さらに、MicrosoftがUNIX互換性を意識しつつも、IBMからの要請で「/」をオプションの記号として使い続けた結果、「⧵」をパス区切りにせざるを得なかった事情や、「SWITCHAR」という隠し機能についても触れています。⧵が¥になる背景には、文字コード、規格、商業戦略が絡み合う複雑な経緯があることが理解できる内容になっています。

FortiWeb ゼロデイ脆弱性による認証前RCEを発見者が解説:CVE-2025-25257によるSQLインジェクション

日本語での脆弱性を解説する記事は、攻撃者を利するようなことは書くなと心ない人に叩かれることも多く、公開されることは少ないです。そういう事情もあり、日本人でも英語での公開が多かったりするのですが、この記事は、Fortinet社が提供するセキュリティ製品「FortiWeb」に発見された重大な脆弱性(CVE-2025-25257)について、日本語で詳しく解説されています。

FortiWebは、企業のWebサイトやアプリケーションを外部からの攻撃から守る「Webアプリケーションファイアウォール」(WAF)と呼ばれるセキュリティ製品です。ところが今回は、そのFortiWeb自体に「認証前のSQLインジェクション」という深刻な不具合が見つかりました。これは、攻撃者がログインせずとも不正な命令を送りつけることで、サーバー内部のデータを操作できてしまうという危険な問題です。

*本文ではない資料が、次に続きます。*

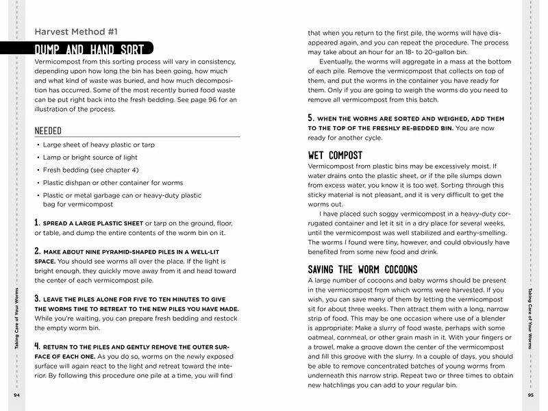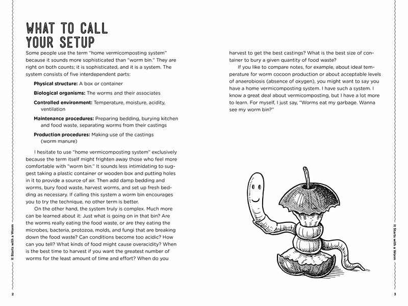 Foreword by Amy Stewart Preface The Worm Composter Checklist 1 It Starts with a Worm 2 Getting Started 3 Choosing the Right Worm Bin 4 Choosing the Right Bedding Material 5 Using the Right Kind of Worms 6 Acquiring Your Worms 7 Setting Up Your Worm Bin 8 What Can Your Worms Eat? 9 Taking Care of Your Worms 10 Frequently Asked Questions 11 Other Critters and Pests 12 How to Use Your Vermicompost 13 Treating Waste as a Resource Appendix A: Record Sheet Appendix B: Annotated References Metric Conversions Appendix C: How Many Worms in an Acre or a Hectare? Glossary Bibliography Acknowledgments Resources Index
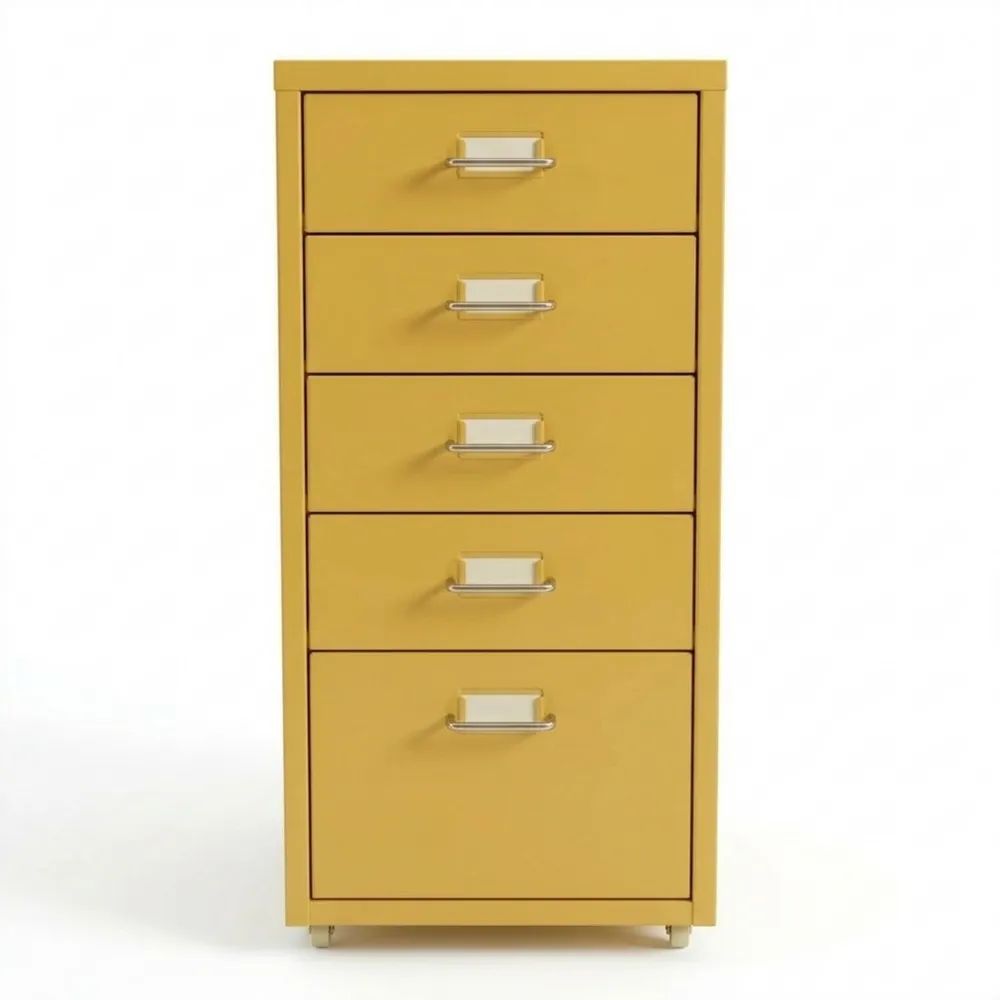 Metall Rollcontainer mit 5 Schubladen und Rollen, Gelb, 69 x 28 x 41 cm
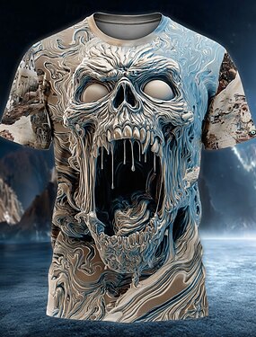 Homme Crâne T-shirt Manche Courte T-shirt Impression 3D Col ras du cou Chemise Exagéré Designer Horreur Soirée Rue Club Bleu Violet Orange Été Printemps Toutes saisons Vêtement Tenue S M L XL XXL XXXL
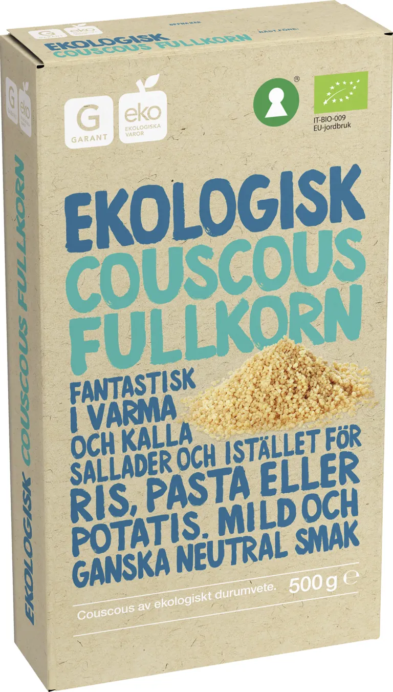 Fullkorns-couscous av ekologiskt durumvete. Fantastisk i varma och kalla sallader och istället för ris, pasta eller potatis. Mild och ganska neutral smak. 500 gram.
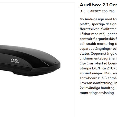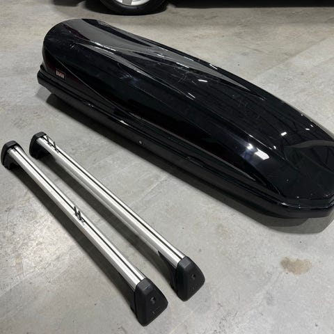 Hyundai takbox 330 för montering på takräcken. Utrustad med lås för säker förvaring. Passar för transport av extra bagage och utrustning vid resor. Perfekt till sportlovet! Aldrig använd, i original förpackning.
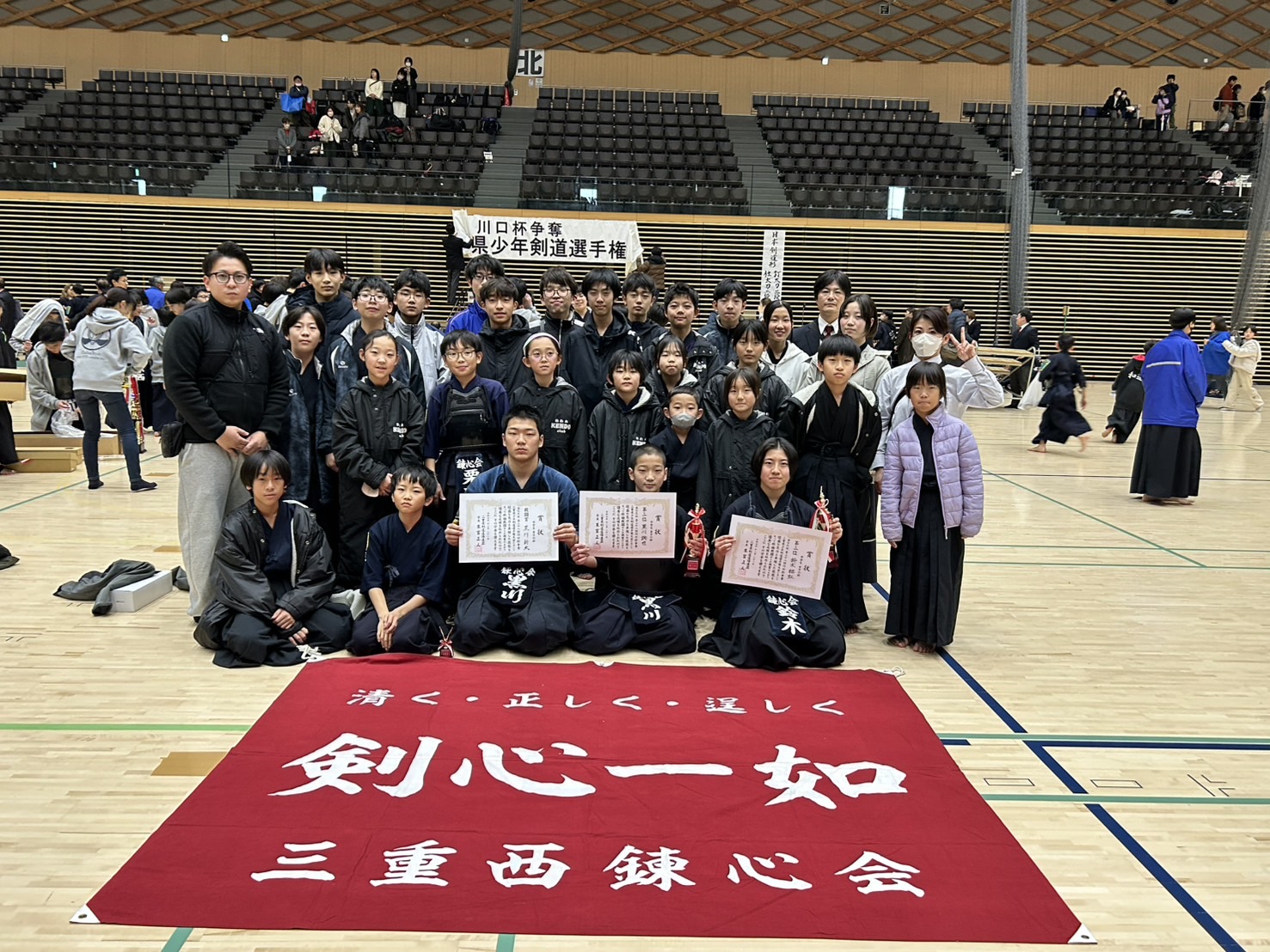 第38回川口杯争奪少年剣道大会 12月21日(日)、三重県の剣士の年末の大イベント、川口杯争奪少年剣道大会が四日市総合体育館で開催されました。 結果は 中学生男子の部で、黒川詢君がベスト4☆☆黒川新君がベスト8☆ 中学生女子の部で、鈴木さんがベスト8☆ おめでとうございます! 特に準々決勝の兄弟対決はしびれましたね。公式戦では初めての対戦かな。入賞できなかった子も熱戦が多く充分に楽しませて思います(^.^)/ コート登板をしていただいた父兄の皆様、大会関係者の方々、本当にありがとうございました。
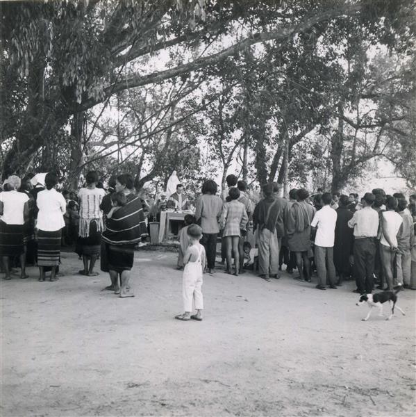 | Hommes, femmes et enfants assistant à une messe en plein air dite par un prêtre blanc, sous les arbres. Un jeune garçon blanc et un chien au premier plan |

記事では、この脆弱性をどのように見つけ、どのように悪用され得るのかを、実際の検証を通じて丁寧に説明しています。攻撃者はこの欠陥を利用して、サーバー上に公開鍵を書き込み、SSHによってサーバー部に入り込むことができるようになります。さらにもう一歩踏みこんで、ダイナミック・リンカー・ハイジャックというテクニックを使った任意コード実行まで踏み込んでおり、非常に高度かつ実践的な内容です。

脆弱性の詳細な技術分析や攻撃手法の検証だけでなく、実際に構築された環境での再現や制約の克服方法についても丁寧に解説されており、IoT機器のセキュリティに関心のある人にとってぴったりの内容だと思います。